When asked whether she was committed to Kadima, Abesadze said: “No comment.”
Also on Thursday, the Registrar of Political Parties publicized Yair Lapid’s Yesh Atid party’s regulations, founders and goals.
The party’s regulations include a clause keeping Lapid as leader until after the 20th Knesset, which could be as long as eight years. In addition, Lapid alone can decide whether Yesh Atid will join the government coalition.
Among the party’s 100 founders are poet Roni Somek; Olympic judoka Yoel Razvozov, who is also a member of Netanya’s city council; and Menahem Tzruya, the principal of the Naamat Technological High School in Jaffa.
Other founders of Yesh Atid include Lapid’s wife, journalist Lihi Lapid; his mother, Shulamit Lapid, an author; and his son Yoav Lapid, as well as what appears to be several of his son’s friends, as they live in the same neighborhood and were born in 1987, as was Yoav Lapid. Lapid’s makeup artist and the band leader from his talk show also signed the list.
Yesh Atid said that the founders are not necessarily on the party’s candidates list for the Knesset.

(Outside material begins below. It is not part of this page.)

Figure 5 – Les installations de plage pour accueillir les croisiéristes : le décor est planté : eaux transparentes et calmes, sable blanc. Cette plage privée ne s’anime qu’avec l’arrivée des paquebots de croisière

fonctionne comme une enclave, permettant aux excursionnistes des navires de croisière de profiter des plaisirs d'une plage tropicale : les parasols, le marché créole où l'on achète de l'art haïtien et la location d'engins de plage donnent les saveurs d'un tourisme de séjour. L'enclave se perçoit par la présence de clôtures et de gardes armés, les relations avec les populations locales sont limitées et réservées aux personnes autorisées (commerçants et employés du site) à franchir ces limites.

The goals listed by the party include “changing the order of priorities in the country, emphasizing education, housing, health, transportation and policing.”

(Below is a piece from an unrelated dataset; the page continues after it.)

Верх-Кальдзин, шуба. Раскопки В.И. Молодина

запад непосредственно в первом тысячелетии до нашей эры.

Yesh Atid also seeks to change the system of government, draft a constitution, require all students to study the Education Ministry’s core curriculum and fight corruption.

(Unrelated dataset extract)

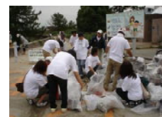
御殿場海岸の清掃活動風景

2008年5月に開催された三重工場植樹祭に従業員27名が参加したほか、同年6月に三重県津市御殿場海岸の清掃活動に従業員92名が参加し、その模様が三重テレビ放送・津ケーブルテレビのニュース番組内で紹介されました。
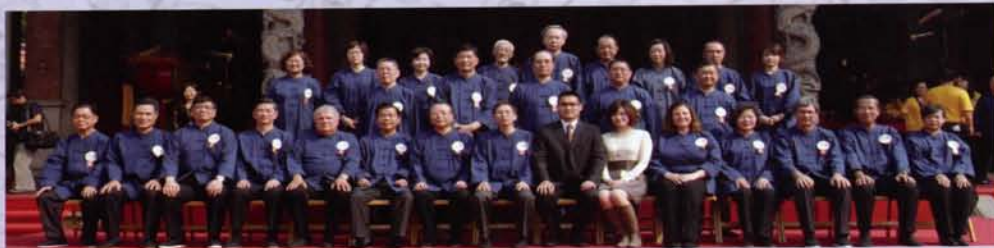
正獻官、奉祀官、分獻官、陪祭官合影

The party also aims to work toward a peace treaty that will bring two states for two nations, while protecting large Israeli settlement blocs.
Meanwhile, the Legal Forum for the Land of Israel called on the Central Elections Committee to insist that Lapid cut his ties with Yediot Aharonot, saying that his relationship with the paper could constitute an indirect violation of election and party financing laws.
Lapid publishes a weekly column in one of Yediot’s weekend supplements, for which the forum said he receives a fee.
In a letter to Central Elections Committee chairman Supreme Court Justice Miriam Naor, the NGO’s attorney Avital Tzachor said Lapid uses his column to “propagate his political, economic and social platforms, and for election campaigning.”
Election campaigning is regulated by the 1959 Knesset Elections Law (Propaganda Methods), which deals with limitations placed on parties in terms of the propaganda they are allowed to publish in the 90-day run-up to elections, and includes all types of party messages, including advertising.
“Consequently, given the purpose underlying the Elections Law, the reality that Lapid continues to publish a weekly column in Israel’s main newspaper – and which covers his political doctrine – is one that raises concern about violating the law,” Tzachor said.
According to Tzachor, the column is effectively an advertising campaign, and politicians from other factions would have to pay a large fee for a similar campaign in the high-circulation Hebrew daily.
By law, parties are not allowed to publish more than 10,000 inches of advertisements in newspapers over the 90 days before elections, and all advertisements must bear the name and address of the person who ordered it, or the relevant parliamentary faction or list.
The forum also argued that by allowing Lapid to publish his column, and promote his party platform, Yediot Aharonot may also be in indirect violation of the Party Financing Law (1973).